Put it in the scrap bin - it's kindling. Tried to fly about 6 times at the CRRC fly in today, but the RFFS was not narrow band enough and every time I flew the flight ended up with a nasty radio hit of some sort. Eventually I pounded the airframe into submission and knocked a coil off one of my Selman actuators. I'll build some airframe for this radio I can fly alone - the receiver can't handle operating with other transmitters running near it.

Update 12/4/2002

Flew indoors at the 495th Squadron club meeting. Their meeting hall is a church function room, approximately 30'x60' with spectators furnature, etc. on the perimmeter. The Thistle flew great, but the room was a touch small for the speed it wants to fly at. This weekend in the gymnasium should be great!
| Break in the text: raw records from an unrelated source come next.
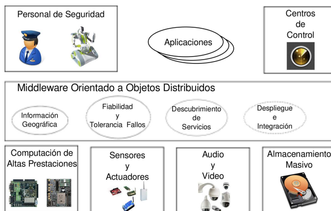
Ilustración 1: Visión Global de la Plataforma HESPERIA

Atendiendo a los requerimientos mencionados, la plataforma HESPERIA ha sido diseñada conforme a los elementos básicos mostrados en la Figura 1. De estos componentes, el elemento central es el middleware orientado a objetos distribuidos (MDOO), que es el encargado de proporcionar transparencia de localización a los servicios distribuidos en el entorno de forma eficiente (utilización de protocolos binarios), flexible (soporte a una enorme variedad de lenguajes de programación y sistemas operativos) y con soporte a servicios comunes (gestión de canales de eventos, gestión de actualizaciones, etc.).
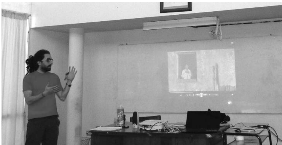
Damián Carretero, director nacional de cine.
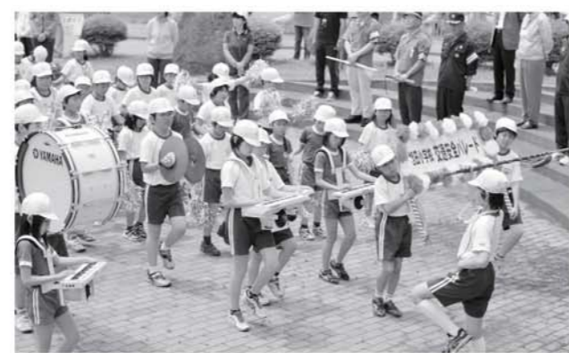
役場前で演奏を披露する児童

旭田小学校の交通安全パレードは、六月十三日、塩生地区で行われ、全校児童約百名が参加しました。 同小では、毎年この時期、南会津警察署など関係機関の協力の下、パレードを実施。交通安全意識の高揚に一役買っています。 小学校を出発した一行は、農協前や町公民館などを経由し町役場に到着。校歌などの演奏に乗せて、地域住民に交通事故の防止を呼びかけました。
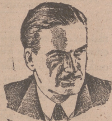
Un pastor muere repentinamente a los 103 años de edad

París, 6.—La Embajada francesa en la capital soviética ha dado una recepción de gala en honor del general De Gaulle, a la que asistieron el comisario de Asuntos Exteriores, Molotov y otros altos oficiales soviéticos y miembros del Cuerpo diplomático. El martes, por la mañana, De Gaulle recibió a varios embajadores de las Naciones Unidas en Moscú.—Efe.
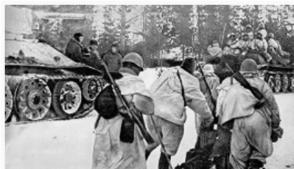
Выдвижение советских войск на исходные позиции для наступления. Фото. 1943.

удары по батареям, обстреливавшим Ленинград. В июне обстрелы города резко сократились, а к октябрю их интенсивность уменьшилась в 3–4 раза. Под Ленинградом зародилось массовое снайперское движение (указом Президиума ВС СССР от 6.2.1942 десяти лучшим снайперам Ленингр. фронта присвоено звание Героя Сов. Союза, а 130 награждены орденами и медалями), активную борьбу вели партизаны, отвлекая значит. силы врага с фронта. Попытки деблокады Ленинграда в 1942 (наступления на любанском направлении в январе – апреле и на синявинском направлении в августе – октябре) из-за недостатка сил и средств, недочётов в организации успеха не имели, однако эти активные действия сов. войск сорвали готовившийся новый штурм города. Контрнаступление сов. войск в ходе Сталинградской битвы 1942–43 вынудило герм. командование перебросить часть войск из района Ленинграда, что создало благоприятную обстановку для его деблокады.
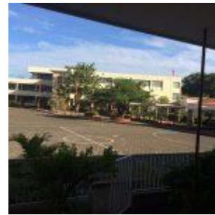
Colegio León carretera Poneloya
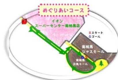
めぐりあいコース
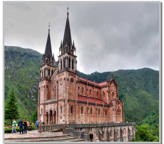
Santuario de Covadonga

Desayuno en el hotel. Por la mañana temprano salida hacia Covadonga, donde se encuentra el Santuario de nuestra Señora de Covadonga. Este Santuario esta en el Parque Nacional Picos de Europa, ahí enclavado en la mitad de la montaña se haya el Santuario de Nuestra Señora de Covadonga y la imagen de la Virgen denomina por el pueblo como "La Santina" . Los primeros datos sobre el culto y devoción a nuestra Señora en el recinto de la Santa Cueva, proceden del Reinado de Felipe II. Cuenta la historia que en ese mismo lugar del Santuario y amparados por la Virgen, se enfrentaron las tropas Cristianas contra los árabes en el año 722 DC. Los cristianos amparados por la Virgen vencieron y esto lleno de entusiasmo y esperanza a la Cristiandad y dio comienzo a lo que con el tiempo se llamaría la reconquista. Por la tarde partimos a Santander. Cena y alojamiento en Santander.
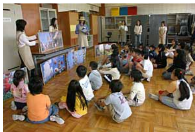
グリーンマザーズの読み聞かせ
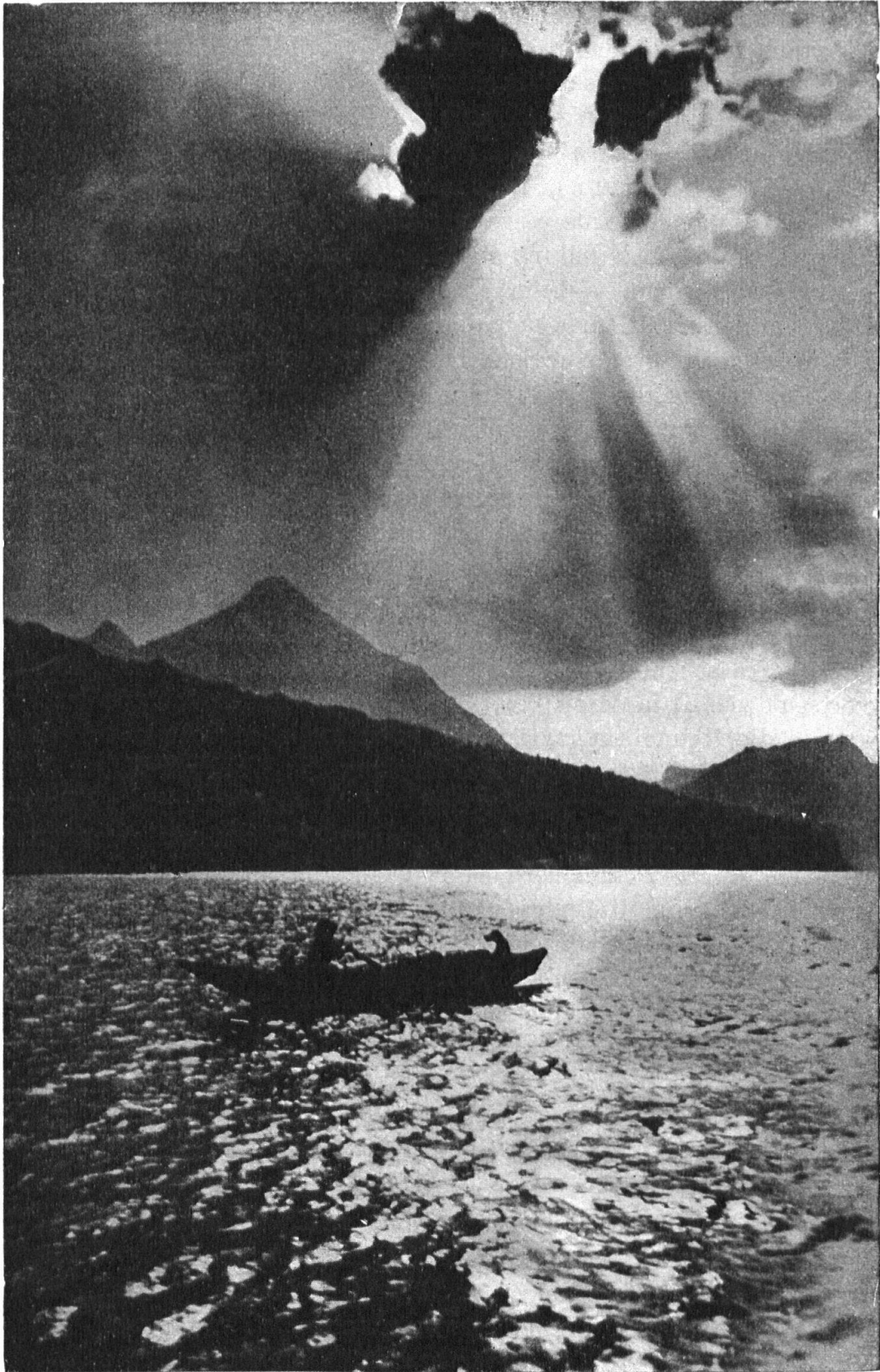
Vorsommerabend am Thunersee. — Lac de Thoune. Un coucher de soleil à la mi-juin.

12/2/2002 - Thistle #2 is created

This is the second plane I have built for my RFFS-100 receiver. This is the Jim Duckworth design, scaled up to 112%. Made from balsa. Uses 2 Bob Selman magnetic actuators and a 145 mAh Kokam LiPoly cell. Awaiting my next indoor flying session for the maiden flight. Here are the stats:

Thistle #1

While surfing about the net looking for R/C plans I also looked at many free-flight model pages. One design that struck me as really interesting was the Thistle originally designed by Jim Duckworth but built and described by Martin Greforie. The construction looked similar to D.J. Aerotech's "Roadkill Series" so I figured I'd scale it up and make the appropriate changes to convert it to RC using the D.J. powerplant and building techniques similar to their profile kits.

I built my Thistle with a 21" wingspan and a 4" Chord. Tail and elevator surfaces were enlarged to allow for hinged control surfaces. I mounted one servo just inboard of each boom on the underside of the wing and ran the control wires along the booms. One boom for elevator, one for rudders. Rudders are tied together with a piece of .03" piano wire. I also reinforced the bottom edge of the center fuselage pod with some 1.3mm carbon fiber rod so that it could handle the additional landing weight. Small rudder extentions were added under the booms and tailskids secured to them made from 1/8" x 3/16" balsa.

The airframe is done and all the avionics are mounted and tested. Receiver and ESC are mounted with velcro for easy use on several airplanes. The battery, a Rayovac 9v NiMh fits in a slot under the wing. Friction from it's velcro patch (attached to all my batteries) holds it in place. I'm hoping this battery is light enough. I may have to go to a smaller NiMh pack.

Maiden flight didn't go so well. Again, I tried to push the envelope with the wind. Also I had WAAAAAAYYY to much throw in the controls (like 45 degrees each way). After getting some advice from DJ Aerotec on control throws on their Roadkill mustang (15 degrees) I realized my problem.

I did get some controlled flight, but lost control quickly when trying any maneuvers. I will build this again, fun plane, easy build - about 3 hours time total. Next version will have a 24" wingspan, only 3 ribs outboard on each wing and a different pylon setup, something a little more durable, possibly some foam core laminated with 1/32 balsa. Will have to think on it. This is a workable solution. Maybe a biplane configuration would get the wing loading down to reasonable levels?